Figure 7 : Composition moyenne de biofilm de réseaux d’eaux usées [Cha07]

Canal Amas cellulaire

Partie I – Chapitre 2 : Les filtres à sable

Le biofilm présente une grande hétérogénéité en termes de structure et de composition ; en effet, une espèce de bactéries produit un type de biofilm qui varie selon les conditions physico-chimiques.

2.3.2.3. Hétérogénéité du biofilm

Le biofilm présente diverses hétérogénéités :

- Une hétérogénéité géométrique : épaisseur, rugosité de la surface et porosité du biofilm, surface du substratum recouverte par le biofilm microbien.

- Une hétérogénéité chimique : diversité liée à la composition et les conditions chimiques (présence de nutriments, produits métaboliques, inhibiteurs…), variation de pH, diversité de réactions (aérobies/anaérobies...).

- Une hétérogénéité biologique : diversité des espèces microbiennes et de leurs distributions spatiales, différences d'activité (croissance cellulaire, production de substances polymériques extracellulaires, mort cellulaire...).

- Une hétérogénéité physique : densité du biofilm, perméabilité, viscoélasticité, viscosité, propriétés des substances polymériques extracellulaires, concentration en solutés, diffusivité des solutés, présence de solides abiotiques…

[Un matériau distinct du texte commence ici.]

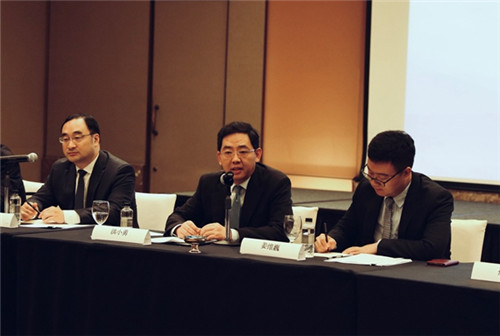 图为中国驻新加坡大使洪小勇(中)在座谈会上讲话。(图片由中国驻新加坡大使馆提供)

2.3.2.4. Développement et croissance

La formation du biofilm sur un support est un processus composé de plusieurs phases que l’on peut décrire comme suit [Cha07] :

- Une préparation initiale de la surface (pré-conditionnement) par la formation d’une double couche électronique (par adsorption des ions) riche en nutriments nécessaire par la suite à la fixation et au développement des bactéries. Cette phase est rapide, et se réalise en quelques minutes après l'exposition à l’effluent.

- Une seconde phase, cette fois-ci plus lente que la première, où les bactéries s’attachent (phénomène réversible) et adhèrent (attachement irréversible) à la surface constituant ainsi une première couche. Cette phase a lieu après une phase transitoire de transport des cellules bactériennes vers la surface, ce transport s’effectuant par la mobilité des bactéries ou/et par le flux du fluide.

- La troisième phase correspond à la prolifération des cellules ; c’est la phase de croissance du biofilm résultant de la formation des microcolonies qui constituent des réseaux de polymères qui maintiennent l'intégrité structurale du biofilm. L'adhésion de nouvelles bactéries et de particules du liquide à la matrice continue à avoir lieu jusqu’au recouvrement total de la surface par la colonisation des structures complexes de biofilm.

- Une quatrième phase est celle de maturation du biofilm. Cette phase est caractérisée par l’apparition du phénomène de détachement du biofilm de la structure biologique. Un biofilm mature signifie que le système biologique dynamique est en équilibre entre la production des nouvelles cellules et le détachement (Figure 8). Dans les filtres à sable d’ANC, les vitesses d’écoulements des effluents sont faibles et un tel phénomène n’est pas envisageable.

Partie I – Chapitre 2 : Les filtres à sable

Figure 8 : Schéma représentant la phase de maturation du biofilm [Cha07] 2.3.2.5. Facteurs influençant la formation et l’accumulation du biofilm

La formation du biofilm est gouvernée par de nombreux facteurs physico-chimiques et biologiques. Parmi les facteurs physico-chimiques on peut citer :

- les caractéristiques de la surface d’attache et sa rugosité,

- les caractéristiques microbiennes de l’effluent, la concentration de sa charge organique et du gradient hydraulique appliquée,

- la température, le pH, l’humidité, la pression hydraulique, l’oxygénation du milieu…

L’accumulation de biofilm, quant à elle, est influencée par l’interaction entre les différents facteurs cités ci-dessus.

Dans les différents systèmes d’ANC, le biofilm évolue selon les caractéristiques des matériaux, leur mise en œuvre, les conditions et les charges hydrauliques d’alimentation et de concentration de l’effluent. Actuellement, le rôle physique des matériaux et des propriétés des filtres sur la croissance et la régulation de la biomasse est très mal connu.